Der Verkehrskundeunterricht

«Und was seht ihr hier?», fragte der Fahrlehrer und sah über die Schulter auf das sich von rechts hereinschiebende Bild der Präsentation. Eine gerade Strasse mit einem entgegenkommenden Fahrzeug, hinter dem ein zweites leicht versetzt zum Überholen auszuheben schien. Zu beiden Seiten breitete sich mattes Gras mit vereinzelten Apfelbäumen. Der Gelbstich und die pelzige Frisur des Fahrzeugfahrers ergänzten das Foto aus den 80er-Jahren.
«Zwei Autos», rief Andrea, die Älteste.
«Gut. Ist das eine gefährliche Situation für uns, wenn wir auf der Strasse fahren?», fragte der Fahrlehrer und zupfte an seinem Spitzbärtchen. Er schwenkte den Blick zu den vorderen Reihen der Schüler, in der Hoffnung, dass auch sie etwas sagten. Insbesondere um die eine — eine junge Fahrschülerin, die sich auch in den Stunden sehr einsilbig gab — war er besorgt.
«Klar», sagte schliesslich, als wäre es ein ins Kauen des Kaugummis eingefügtes Geräusch, der Junge neben ihr.
«Klar! Richtig! Aber warum?»
«Weil wir nichts tun können», rief Andrea aus der hintersten Reihe. «Wir sterben.»
Der Fahrlehrer lächelte. «Nicht unbedingt. Könnte sein. Es wird auf jeden Fall eng. Für uns und ihn. Ausweichen ist auch nicht gut, wenn man die Bäume sieht. Ausserdem könnte er dasselbe machen. Was also tun?»
«Signale geben. Lichthupe», rief Andrea.
«Genau, oder?»
«Langsamer fahren, vorsichtiger schauen, notfalls eben langsam ausweichen.»
«Genau. Aber eigentlich: können wir hier fast gar nichts mehr machen.»
«Wir sterben.»
Der Fahrlehrer zupfte sich am Spitzbärtchen und schlug eine laut hämmernde Taste seines Computers an. Die altmodische Präsentation löste sich in grosse Pixel auf, die sich zu einem neuen Foto zusammensetzten.
«Und was seht ihr hier?», fragte er.
«Menschen! Trams. Ein Schild.»
«Genau, was ist das für ein Schild?» Er zeigte auf Yan, den kauenden Jungen.
«Ein Nicht-Parkieren-Schild.»
«Seht ihr sonst noch was?»
«Ja, da, ein Kind im Schatten.»
«Richtig, Andrea. Auf die Kinder müssen wir achten, auf die Schatten, auf die Schilder, denn wo Nicht-Parkieren-Schilder sind, sind entweder die Wege sehr eng oder es könnten Einfahrten vorhanden sein. Fahren wir hier schnell durch?»
«Nein, langsam», rief es von hinten.
«Genau. Also, was müsst ihr bei einer solchen Situation beachten?»

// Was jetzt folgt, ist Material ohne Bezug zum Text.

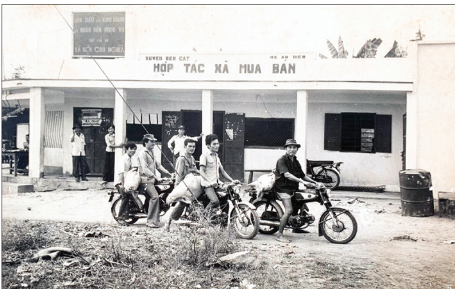
Hợp tác xã mua bán xã An Điền được ngành thương nghiệp tỉnh công nhận là lá cờ đầu trong các hợp tác xã mua bán của tỉnh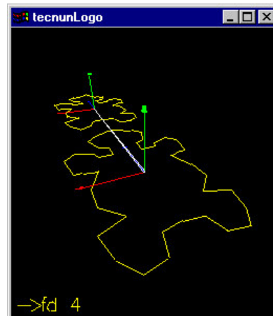
Figura 2 Posición inicial y trasladada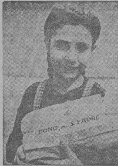
ROMA.—Esta niña sonríe satisfecha con el donativo que Su Santidad el Papa le ha entregado con motivo de las pasadas fiestas de Navidad.

IMPONENTE MANIFESTACION EN EL ENTIERRO DE UN GUARDIA CIVIL ASESINADO EN MADRID (Página tercera)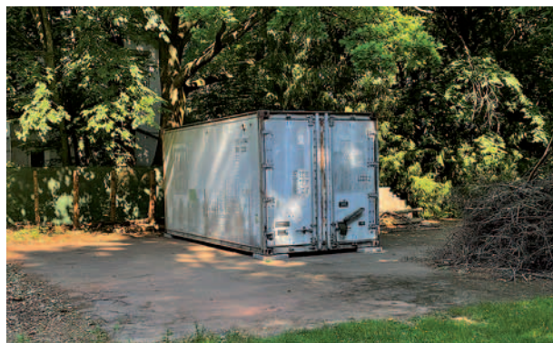
Unser neues Zuhause im Grünen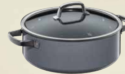
Fusiontec Mineral Bratentopf mit Glasdeckel, 28 cm Fusiontec Mineral Braising Pan with lid, 28 cm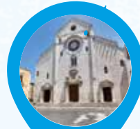
2. Cattedrale San Sabino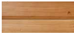
③ antik lackiert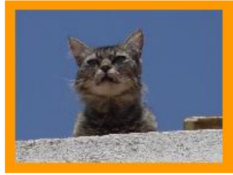
el gato hace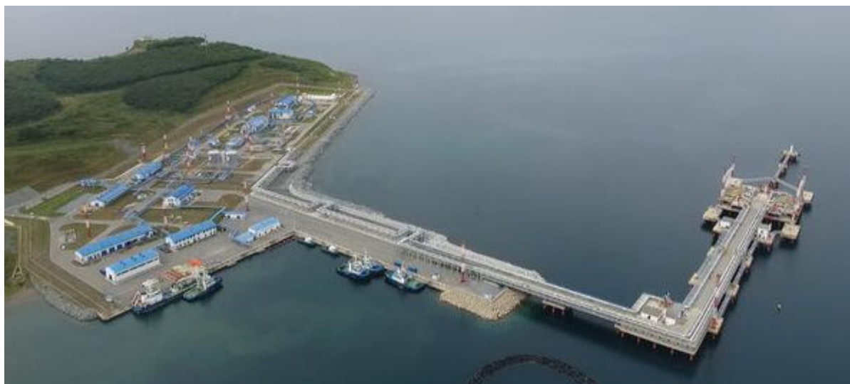
Рис. 1. Пирс с технологической эстакадой (порт Козьмино)

ляются SPM и решение проблемы их безопасной эксплуатации в ледовых условиях шельфа России, в том числе и арктического.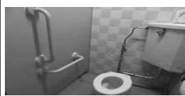
ア 手すりつきトイレ

«Vorsichtig fahren, verschiedene Verkehrsteilnehmer im Blick haben. Die Tramgleise beachten, wegen Velofahrer und so.»
«Genau», murmelte der Fahrlehrer und wollte schon auf die laute Taste hauen, um den nächsten Slide einzublenden. Doch dann fuhr die Hand neben Yan hoch. Es war die schweigsame Anita.
«Aber da ist doch noch etwas…», sagte sie langsam und so leise, dass sich Andrea hinten über den Tisch lehnte.
«Wo denn?», fragte der Fahrlehrer sie freundlich ermutigend und drehte sich zum Bild.
«Na da, hinter dem Sicherungskasten…»
Die ganze Klasse beugte sich vor, um einen deutlicheren Blick zu haben. Dort, neben der Allee, im Schatten hinter dem Kind, ragte etwas hinter dem Sicherungskasten hervor. Erst schien es nur eine Täuschung, aber bei stärkerem Hinsehen war die Deutlichkeit nicht zu bestreiten, und die Konturen zeichneten sich, wie beim Aufwachen in der Dunkelheit, mit fast brennender Genauigkeit, ab. Andrea stiess einen gellenden Schrei aus. Yan murmelte etwas. Der Fahrlehrer war bleich geworden und rupfte grob an seinem Spitzbärtchen. Seine Hand glitt wie automatisch zur Taste, um das Bild weiterzuschalten, aber sie verharrte zehn Zentimeter über der Tastatur und bewegte sich nicht. Immer noch sahen sie das handartige, umgestülpte, grausige Gebilde auf dem dreissig Jahre alten Foto an, neben dem der normale Tagesbetrieb auf der Strasse herrschte. Ein Geräusch erklang, als ein Junge in Ohnmacht, sein Kopf hart auf den Tisch und sein New Era-Cap zu Boden fiel.